You are viewing a plain text version of this content. The canonical link for it is here.
Posted to issues@spark.apache.org by "Yavgeni Hotimsky (JIRA)" <ji...@apache.org> on 2018/07/18 12:35:00 UTC

[jira] [Updated] (SPARK-24848) When a stage fails onStageCompleted is called before onTaskEnd

     [ https://issues.apache.org/jira/browse/SPARK-24848?page=com.atlassian.jira.plugin.system.issuetabpanels:all-tabpanel ]

Yavgeni Hotimsky updated SPARK-24848:
-------------------------------------
    Description: 
It seems that when a stage fails because one of it's tasks failed too many times the onStageCompleted callback of the SparkListener is called before the onTaskEnd listener for the failing task. We're using structured streaming in this case.

We noticed this because we built a listener to track the precise number of active tasks to be exported as a metric and was using the stage callback to maintain a map from stage ids to some metadata extracted from the jobGroupId. The onStageCompleted listener was removing from the map to prevent unbounded memory usage and in this case I could see the onTaskEnd callback was being called after the onStageCompleted callback so it couldn't find the stageId in the map. We worked around it by replacing the map with a timed cache.

  was:
It seems that when a stage fails because one of it's tasks failed too many times the onStageCompleted callback of the SparkListener is called before the onTaskEnd listener for the failing task. We're using structured streaming in this case.

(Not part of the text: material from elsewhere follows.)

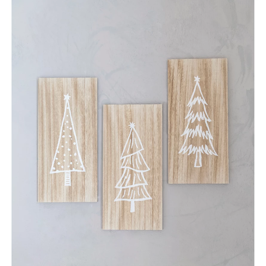 Catalog Name: 8-1/2"W x 18"H MDF Wall Décor w/ Christmas Trees, Natural & White, 3 Styles (Hangs or Sits)

We noticed this because we built a listener to track the precise number of active tasks per one of my processes to be exported as a metric and was using the stage callback to maintain a map from stage ids to some metadata extracted from the jobGroupId. The onStageCompleted listener was removing from the map to prevent unbounded memory and in this case I could see the onTaskEnd callback was being called after the onStageCompleted callback so it couldn't find the stageId in the map. We worked around it by replacing the map with a timed cache.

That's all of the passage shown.